*** Opening of INPUT MATERIAL ***
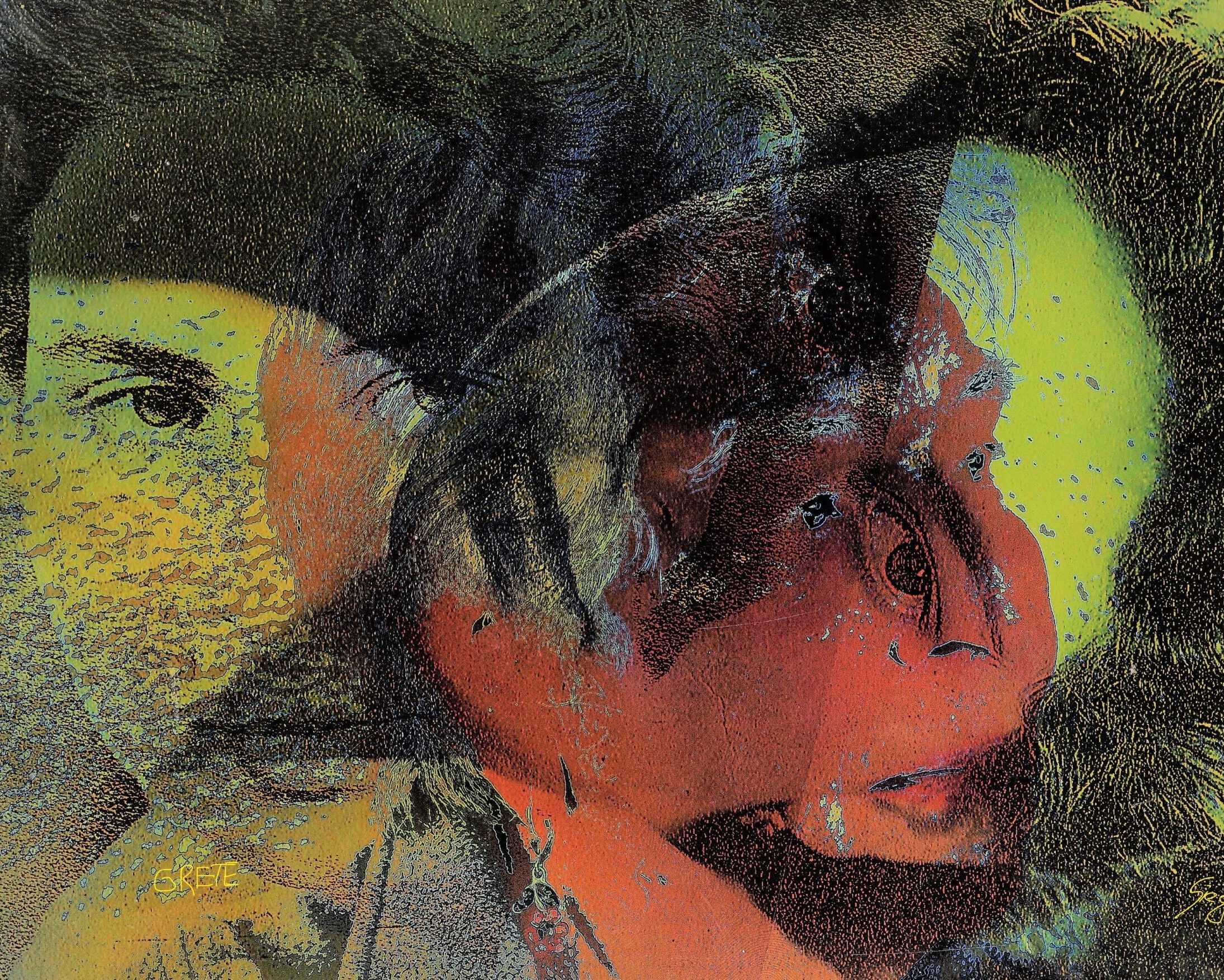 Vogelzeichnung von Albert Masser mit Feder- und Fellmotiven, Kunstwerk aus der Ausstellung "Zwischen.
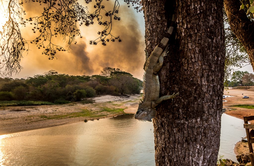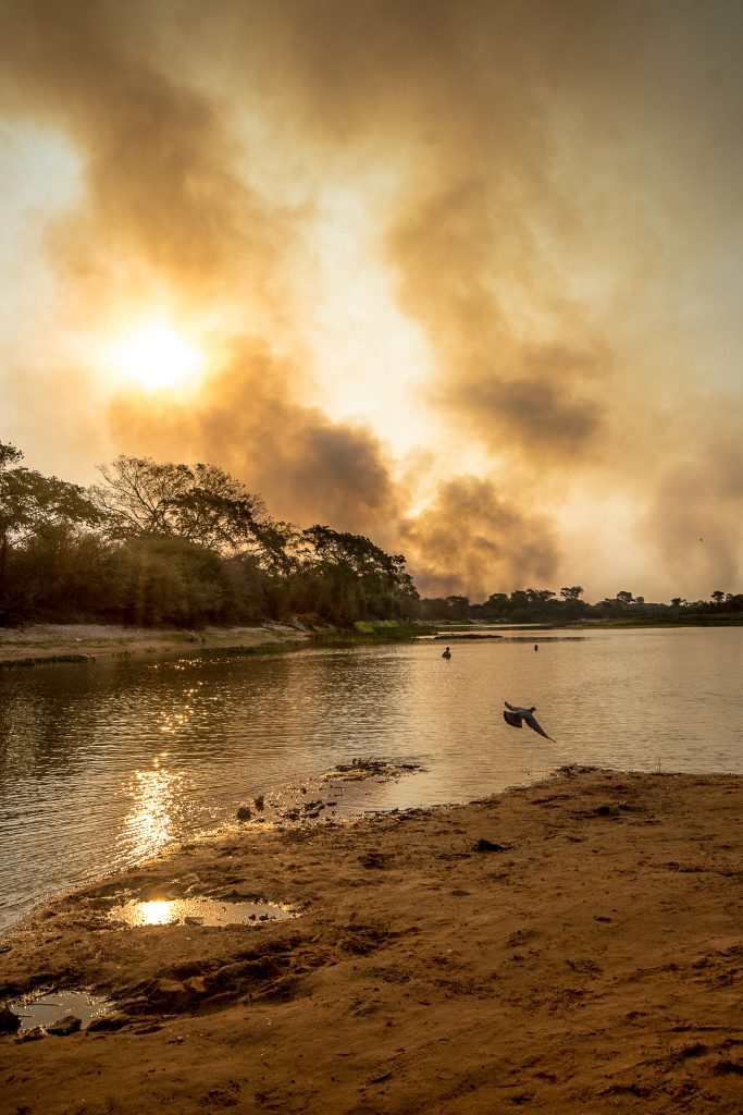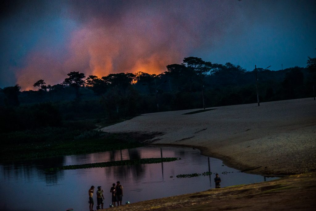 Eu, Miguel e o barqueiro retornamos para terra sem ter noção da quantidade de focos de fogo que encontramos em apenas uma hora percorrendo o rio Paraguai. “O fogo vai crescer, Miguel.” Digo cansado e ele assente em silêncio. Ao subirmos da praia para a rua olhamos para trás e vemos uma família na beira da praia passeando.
*** Close of INPUT MATERIAL ***
*** Opening of INPUT MATERIAL ***
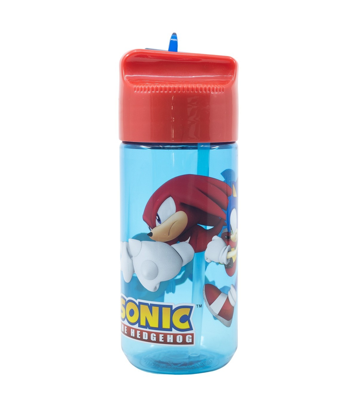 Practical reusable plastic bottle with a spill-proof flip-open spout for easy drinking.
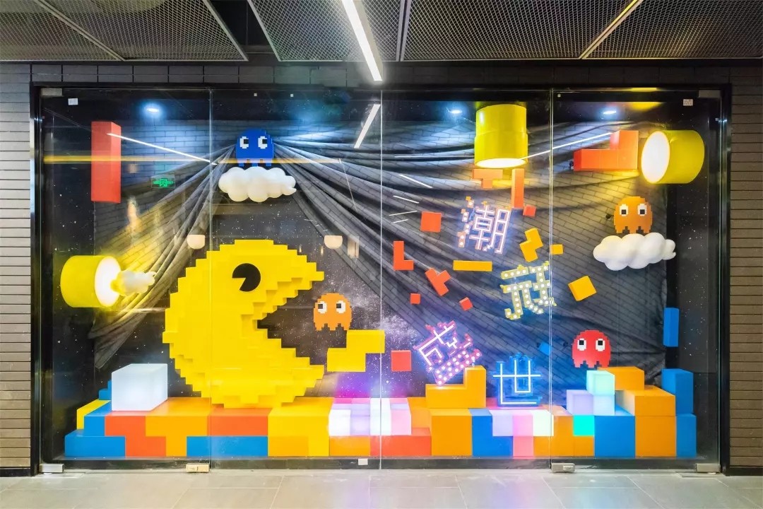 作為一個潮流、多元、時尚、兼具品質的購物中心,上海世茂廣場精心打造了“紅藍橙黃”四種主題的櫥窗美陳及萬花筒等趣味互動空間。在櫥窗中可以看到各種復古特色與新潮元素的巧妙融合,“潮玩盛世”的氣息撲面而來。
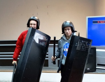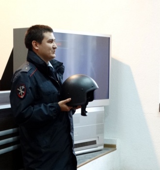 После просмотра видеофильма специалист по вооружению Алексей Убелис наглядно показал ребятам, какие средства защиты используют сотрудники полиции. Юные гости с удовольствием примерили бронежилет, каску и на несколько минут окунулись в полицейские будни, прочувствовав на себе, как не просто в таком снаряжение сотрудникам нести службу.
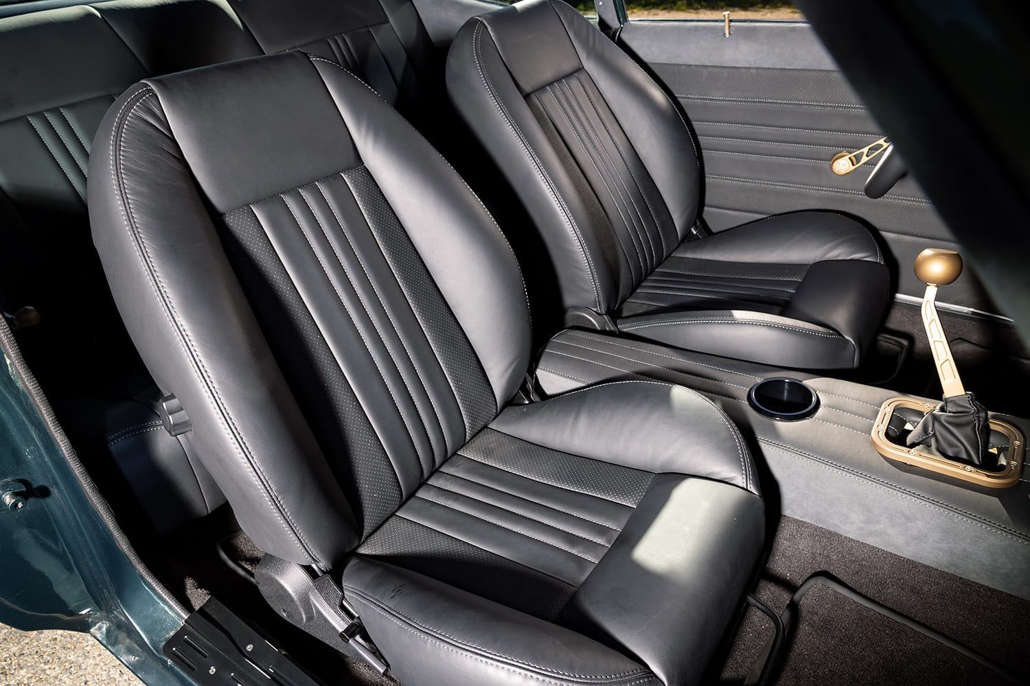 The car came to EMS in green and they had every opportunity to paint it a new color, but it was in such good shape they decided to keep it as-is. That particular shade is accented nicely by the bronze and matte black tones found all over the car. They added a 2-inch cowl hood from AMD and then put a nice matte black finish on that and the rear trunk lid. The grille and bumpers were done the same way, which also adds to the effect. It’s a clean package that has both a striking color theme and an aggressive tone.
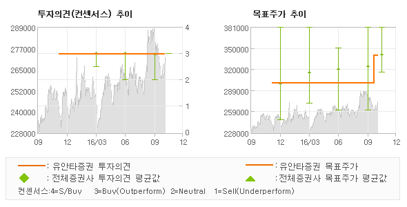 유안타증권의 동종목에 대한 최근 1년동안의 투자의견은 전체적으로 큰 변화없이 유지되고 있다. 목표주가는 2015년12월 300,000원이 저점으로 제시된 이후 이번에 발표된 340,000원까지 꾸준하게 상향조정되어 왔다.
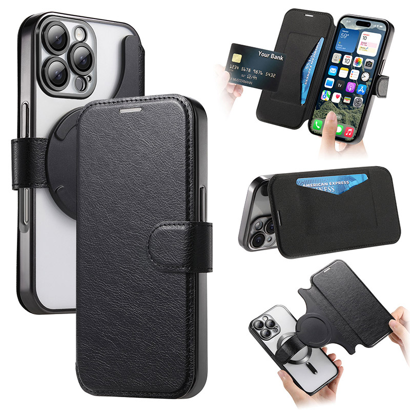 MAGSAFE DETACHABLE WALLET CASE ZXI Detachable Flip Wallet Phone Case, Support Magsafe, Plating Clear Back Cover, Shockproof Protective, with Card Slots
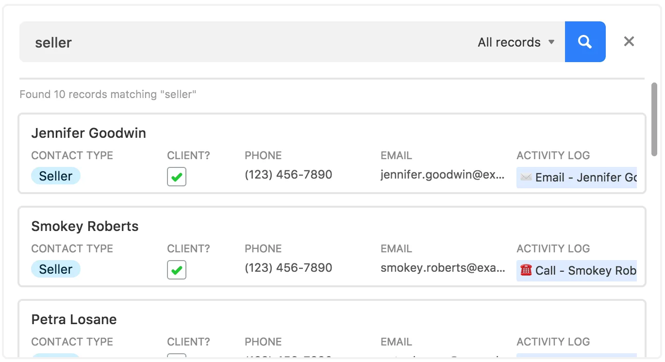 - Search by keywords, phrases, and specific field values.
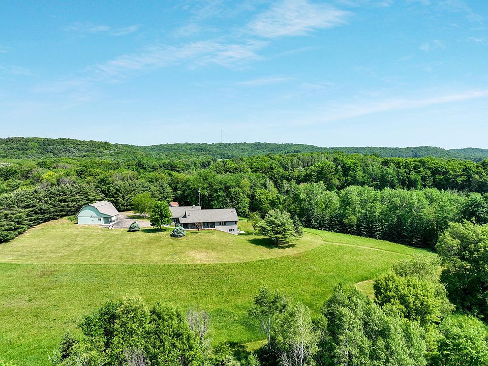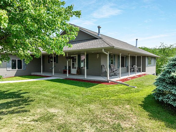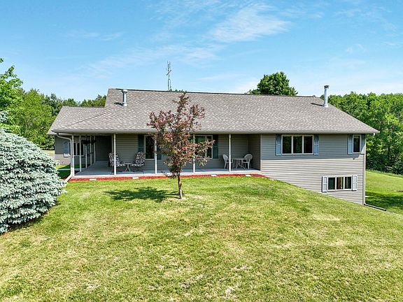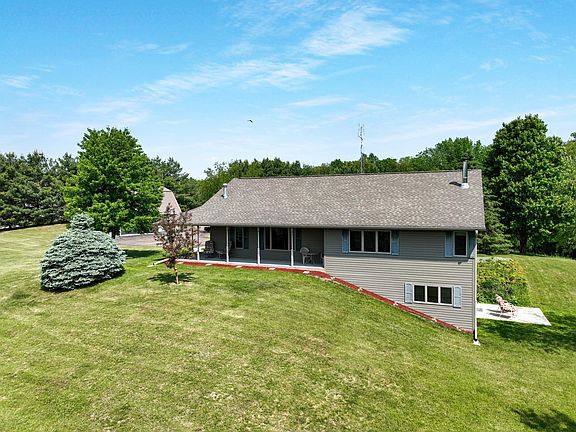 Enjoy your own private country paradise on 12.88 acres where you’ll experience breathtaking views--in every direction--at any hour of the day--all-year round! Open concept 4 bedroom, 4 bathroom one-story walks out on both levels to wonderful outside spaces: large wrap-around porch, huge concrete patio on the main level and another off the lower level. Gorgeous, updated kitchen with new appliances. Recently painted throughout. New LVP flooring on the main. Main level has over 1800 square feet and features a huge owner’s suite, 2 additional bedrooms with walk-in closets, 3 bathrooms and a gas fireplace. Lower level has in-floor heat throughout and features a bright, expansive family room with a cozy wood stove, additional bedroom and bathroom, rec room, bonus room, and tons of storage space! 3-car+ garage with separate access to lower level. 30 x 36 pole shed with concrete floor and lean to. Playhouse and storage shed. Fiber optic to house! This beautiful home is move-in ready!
*** Close of INPUT MATERIAL ***
* _WORK INSTRUCTION_
Repeat the lines above exactly, beginning with the one containing "作為一個潮流、多元、時尚、兼" and finishing with the one containing "После просмотра видеофильма". No pictures belong in the copy.

* _REPLY_
 作為一個潮流、多元、時尚、兼具品質的購物中心,上海世茂廣場精心打造了“紅藍橙黃”四種主題的櫥窗美陳及萬花筒等趣味互動空間。在櫥窗中可以看到各種復古特色與新潮元素的巧妙融合,“潮玩盛世”的氣息撲面而來。
 После просмотра видеофильма специалист по вооружению Алексей Убелис наглядно показал ребятам, какие средства защиты используют сотрудники полиции. Юные гости с удовольствием примерили бронежилет, каску и на несколько минут окунулись в полицейские будни, прочувствовав на себе, как не просто в таком снаряжение сотрудникам нести службу.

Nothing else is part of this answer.